- _What the task asks_: The exercise calls for every entry that follows to be repeated exactly.

[Saved entries]
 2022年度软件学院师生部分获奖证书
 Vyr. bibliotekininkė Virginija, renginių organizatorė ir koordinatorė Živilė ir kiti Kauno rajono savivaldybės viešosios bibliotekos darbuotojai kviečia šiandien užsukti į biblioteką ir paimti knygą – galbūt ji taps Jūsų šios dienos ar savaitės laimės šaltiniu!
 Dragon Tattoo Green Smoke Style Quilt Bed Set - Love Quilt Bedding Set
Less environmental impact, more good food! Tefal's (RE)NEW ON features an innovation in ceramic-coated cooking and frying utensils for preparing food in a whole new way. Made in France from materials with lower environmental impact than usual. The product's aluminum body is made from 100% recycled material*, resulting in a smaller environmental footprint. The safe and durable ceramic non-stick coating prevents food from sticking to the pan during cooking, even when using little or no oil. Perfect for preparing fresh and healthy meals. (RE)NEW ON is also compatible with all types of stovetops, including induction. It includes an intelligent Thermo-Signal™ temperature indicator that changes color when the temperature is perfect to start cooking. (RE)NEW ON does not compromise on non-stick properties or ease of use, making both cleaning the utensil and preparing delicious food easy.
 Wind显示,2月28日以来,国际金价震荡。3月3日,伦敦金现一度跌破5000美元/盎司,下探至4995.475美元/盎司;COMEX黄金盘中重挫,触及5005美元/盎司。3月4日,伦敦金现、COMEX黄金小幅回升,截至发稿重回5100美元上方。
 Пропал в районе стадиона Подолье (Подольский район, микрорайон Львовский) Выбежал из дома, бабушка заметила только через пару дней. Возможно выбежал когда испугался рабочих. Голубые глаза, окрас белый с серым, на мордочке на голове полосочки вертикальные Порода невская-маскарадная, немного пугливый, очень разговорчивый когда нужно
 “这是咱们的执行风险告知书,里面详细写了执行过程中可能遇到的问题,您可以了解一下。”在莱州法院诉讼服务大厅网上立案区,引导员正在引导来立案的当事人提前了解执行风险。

- _Output of the task_:
 2022年度软件学院师生部分获奖证书
 Vyr. bibliotekininkė Virginija, renginių organizatorė ir koordinatorė Živilė ir kiti Kauno rajono savivaldybės viešosios bibliotekos darbuotojai kviečia šiandien užsukti į biblioteką ir paimti knygą – galbūt ji taps Jūsų šios dienos ar savaitės laimės šaltiniu!
 Dragon Tattoo Green Smoke Style Quilt Bed Set - Love Quilt Bedding Set
Less environmental impact, more good food! Tefal's (RE)NEW ON features an innovation in ceramic-coated cooking and frying utensils for preparing food in a whole new way. Made in France from materials with lower environmental impact than usual. The product's aluminum body is made from 100% recycled material*, resulting in a smaller environmental footprint. The safe and durable ceramic non-stick coating prevents food from sticking to the pan during cooking, even when using little or no oil. Perfect for preparing fresh and healthy meals. (RE)NEW ON is also compatible with all types of stovetops, including induction. It includes an intelligent Thermo-Signal™ temperature indicator that changes color when the temperature is perfect to start cooking. (RE)NEW ON does not compromise on non-stick properties or ease of use, making both cleaning the utensil and preparing delicious food easy.
 Wind显示,2月28日以来,国际金价震荡。3月3日,伦敦金现一度跌破5000美元/盎司,下探至4995.475美元/盎司;COMEX黄金盘中重挫,触及5005美元/盎司。3月4日,伦敦金现、COMEX黄金小幅回升,截至发稿重回5100美元上方。
 Пропал в районе стадиона Подолье (Подольский район, микрорайон Львовский) Выбежал из дома, бабушка заметила только через пару дней. Возможно выбежал когда испугался рабочих. Голубые глаза, окрас белый с серым, на мордочке на голове полосочки вертикальные Порода невская-маскарадная, немного пугливый, очень разговорчивый когда нужно
 “这是咱们的执行风险告知书,里面详细写了执行过程中可能遇到的问题,您可以了解一下。”在莱州法院诉讼服务大厅网上立案区,引导员正在引导来立案的当事人提前了解执行风险。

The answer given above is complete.